The Olympic Legacy. There always is one, whether it’s top notch training facilities, a knockout aquatic centre, war, or a giant debt. Unfortunately for some, the Sochi legacy will be concussion sideffects that might outlast speaking tours or sponsorship contracts.
Continuing with the last instalment of this three-part concussion series is what happens long-term after concussions. Before you think this is all doom and gloom, please remember that based on what we know at present, 80-90% of concussions take 7-10 days to heal. What lies ahead (pun intended) is for those 28,000 or more people per year who don’t fall squarely into that category.
Legacy #1: Time Off
At the beginning of the Olympics, Canadian researchers published a study where enhanced MRI technology was used to show that university hockey players with concussions sustained bleeds in their brains. Where there is blood, there is tissue damage and torn nerves. Concussions cause tissue damage. This study went on to continue imaging the brains of concussed hockey players throughout their recovery in order to determine what sort of time interval tissue healing really took. It was remarkably consistent with the athlete’s report of concussion symptoms, such as fogginess, confusion and lethargy. Symptoms tell us to rest. Listen up!
In a study where a physician specialising in concussion was on-hand to assess and diagnose concussions sustained during an entire hockey season, concussion incidence was seven times higher than any previous report. A brain injury happened in 36.5% of the hockey games in a season. Concussions are frequent. And that’s just hockey. If I were a betting woman, I would say that concussion prevalence numbers 5 years from now will be bigger; not because there will be more concussions, but because there will be fewer undiagnosed ones.
Legacy #2: Depression
Traumatic brain injury (TBI) is associated with a higher incidence of depression. The majority of individuals who suffer a TBI are juveniles and young adults, and thus, the risk of a lifetime of depressive complications is a significant concern. The cause of concussion-related depression might be brain cells’ tendency to over-react to stress, infection and injury after an initial concussion. That the human brain tends to naturally inflame with age is an additional factor explaining perhaps why mental health problems related to concussion show up sometimes many decades after the original injury.
Legacy #3: Chronic Pain
A review of long-term studies of people with mild and more traumatic brain injuries published by the American Medical Association asserts that “Chronic pain is a common complication of TBI. It is independent of psychologicdisorders such as PTSD and depression and is common even among patients with apparently minor injuries to the brain.”, and “Patients who appear clinically to have less severe brain injuries may in fact develop more pain symptoms.” Wonder why that back isn’t healing very quickly? Consider the role of a past head injury.
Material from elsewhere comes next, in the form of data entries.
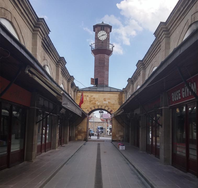 İlçe merkezinde, Köprülü Camii'nin güneyinde yer alır. Köprülü Mehmet Paşa tarafından 1660 yılında kendi adına camiinin külliyesi olarak yaptırılmıştır. Doğu-batı yönünde ince uzun dikdörtgen planlıdır. Dört kapılı yapının özellikle meydana bakan kapısı diğerlerine göre daha özenli olup üzerine 1900 yılında Yanyalı Mustafa Paşa’nın oğlu Ali Rıza Bey tarafından saat kulesi ilave edilmiştir.
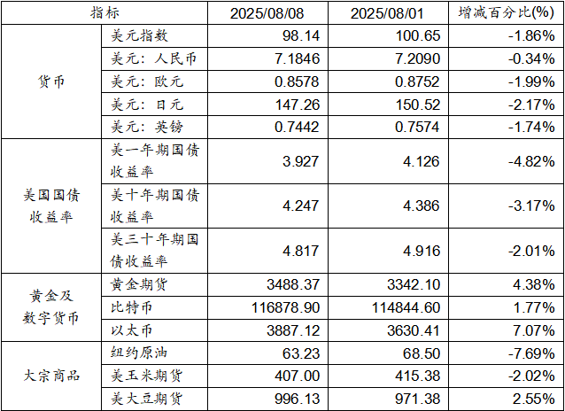 8月1日至8月7日,美元指數下跌1.86%,美元兌人民幣匯率下跌0.34%。美國一年期、十年期及三十年期國債收益率均呈現下跌態勢。黃金期貨價格上漲4.38%。比特幣上漲1.77%。以太幣上漲7.07%。大宗商品紐約原油、玉米期貨及大豆期貨價格均呈現下跌態勢。
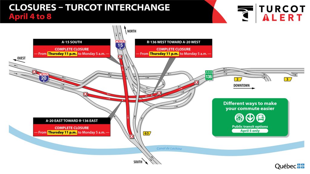 Major road closures will be in effect in the Turcot interchange from Thursday evening, April 4, to Monday morning, April 8. Difficult traffic conditions are to be expected on the road network, especially on Friday, April 5.

Concussion Legacy #4: Chronic Traumatic Encephalopathy
Chronic Traumatic Encephalopathy (CTE), was originally referred to as punch-drunk syndrome, and associated with people who have sustained multiple concussions over the course of a lifetime. It continues to be poorly understood. Modern CTE is defined by gait disorders, speech slowing, and behavioural symptoms including mood disorder (mainly depression), paranoia, agitation, social withdrawal, poor judgement and aggression. Cognitive impairment tends to emerge later and reportedly progresses over time. As with many issues relating to concussion, there is lack of operational criteria to confirm either a clinical or pathological diagnosis of CTE, which currently limits researchers’ ability to assess for this condition and put numbers on incidence.
Concussion is a spectrum, with acute injury at one end and degenerative symptoms at the other. But it’s not a set path, and a lot has yet to be learned. One concussion might lead to all these legacies, or none. The take-home message from this three-part series is that concussion is legitimate, its effects deserve respect and rest, and the magnitude of its impact merits that we re-examine the rules of our games.
Throughout this 3-part series I have conveniently used the Olympics and athletes as a focal point to discuss concussion. However, I did not want to conclude before acknowledging that another body of people who represent their countries – military forces – who are also subjected to repeated blows to the head and concussions throughout their training and service. In a tragically ironic twist on Lest We Forget, they come home with the same symptoms.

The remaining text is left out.